In fact, according to the College Board, computer science majors take an eclectic mix of classes, like artificial intelligence, mathematics for computer science, and the theory of formal languages.
Why It's Versatile: "There are a lot of different directions people can go in with this degree," says Vincent. "Things are always being invented and changing and we're all looking for that next thing. Computers are so woven into the fabric of every business now that these [graduates] will always be marketable."
Possible Careers: The U.S. Department of Labor says those with a computer science bachelor's degree could pursue careers such as computer programmer and software developer, among others.*
What do the Los Angeles Lakers, Home Depot, and Buick all have in common? They're all on Facebook. Social media is more than a way to make friends, it's one of the biggest marketing tools among companies of all stripes, says Vincent, making a bachelor's in marketing a very versatile option.

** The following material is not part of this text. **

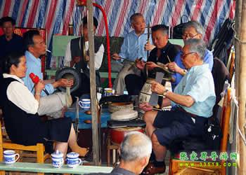 圍鼓(含嗩吶)。又稱打鎦子、打排鼓,是民間紅白會中不可缺少的樂器。一般7人演奏,樂器有一鼓、一大鑼、一公鑼、兩副鈸、兩嗩吶。其詞曲紅白會通用,以鼓和嗩吶上系紅、白布為分別標記(結婚不打四字鈸曲)。史傳的圍鼓詞有《撩子》、《火鋪》等,《撩子》分《一二三》、《閃翅》、《堆羅漢》、《反落花》等十章,《火鋪》也分《三槍》、《四進門》、《八哥洗澡》、《蓮魚吐絲》等十章,嗩吶詞有《八十正宮》調等。在農村,圍鼓是最普及的樂器,每逢紅白喜事都有圍鼓和嗩吶表演。

These students study how to get businesses a larger, more dedicated customer base, says the College Board. They could take classes in subjects such as advertising and promotion, marketing communications and research, and consumer behavior.
Why It's Versatile: "People who are well-versed in and know how to use social media are going to be in great demand in the future," says Vincent. "Every business is looking for these people. It's across the board, so a marketing degree is itself very marketable."

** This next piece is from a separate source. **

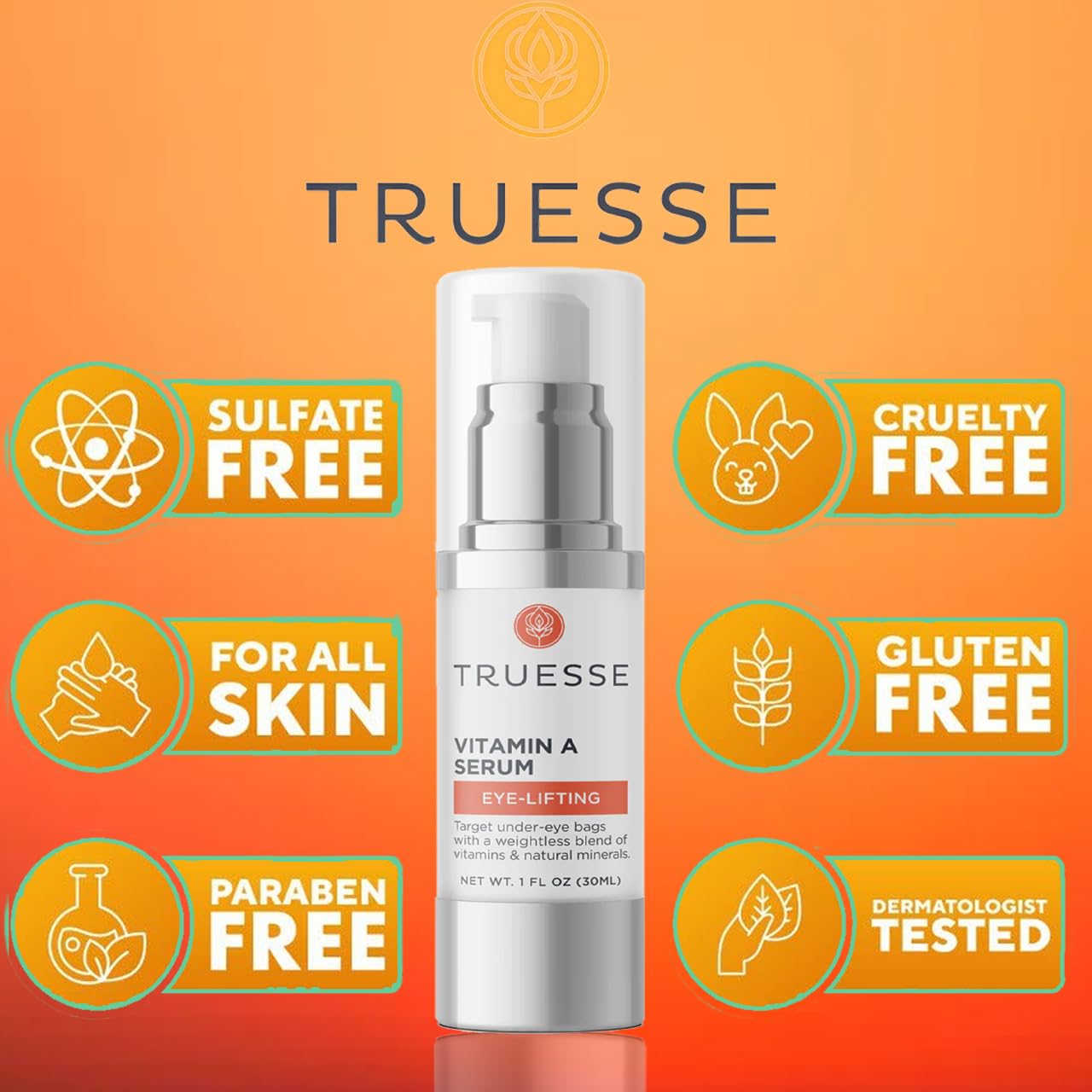TRUESSE Ayurvedic Vitamin A Serum – Natural Retinol for Firm Bright Skin - Reduces Under Eye Bags – Hyaluronic Acid for Hydration

Possible Careers: Talk about options: The U.S. Department of Labor notes that marketing courses are helpful and important for a career as a sales manager, market research analyst, or advertising sales agent.*
Unfortunately, crime is an equal opportunity business - it's everywhere, and affects every industry. On the flip side, this means a criminal justice degree is a versatile choice, according to Vincent.

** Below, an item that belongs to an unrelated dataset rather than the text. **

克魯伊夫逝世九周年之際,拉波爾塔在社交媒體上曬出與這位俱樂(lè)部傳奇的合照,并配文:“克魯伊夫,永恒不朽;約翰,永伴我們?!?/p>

Even the College Board's description of the major is eclectic. "Criminal justice is an interdisciplinary major, so get ready to study everything: law, psychology, sociology, public administration, and more," it reads. Common courses might include criminology, victimology, and juvenile justice.
Why It's Versatile: "[Criminal justice is] police work, it's law, but a lot of companies have internal security and people with a criminal justice degree may also be very good at risk management or looking for irregularities," says Vincent. "They're trained to spot things that aren't right. I could see those skills used in a wide range of industries."
Possible Careers: A few options for criminal justice bachelor's degree grads, per the U.S. Department of Labor, include probation officer and correctional treatment specialist.*
In our litigious society, knowledge of the law is helpful in many places, not just the courtroom. In fact, says Vincent, a degree in paralegal studies can be applicable in a wide range of industries.
So, how do paralegal studies majors gain this versatile knowledge? With help from classes as varied as criminal law and procedure, civil procedure, and ethics, notes the College Board. Paralegal studies students also learn how to do extensive research, keep records, and communicate in writing effectively.
Why It's Versatile: "This degree gives you employable skills even if you don't work in the legal field," says Vincent. "For instance, if you work in risk management or in contracts, that degree gives you an expertise, or certainly some understanding, of contracts and regulations. Businesses in many industries need that."
Possible Career: The U.S. Department of Labor says that an associate's degree in paralegal studies, or a bachelor's degree in another field and a certificate in paralegal studies, could help you prepare to pursue a career as a paralegal or legal assistant.*
*All possible career information is from the U.S. Department of Labor's Occupational Outlook Handbook, 2012-13 Edition. The reference may include the Department labeling the degree as being required, preferred, or common for pursuing the particular career - or labeling the classes as being important.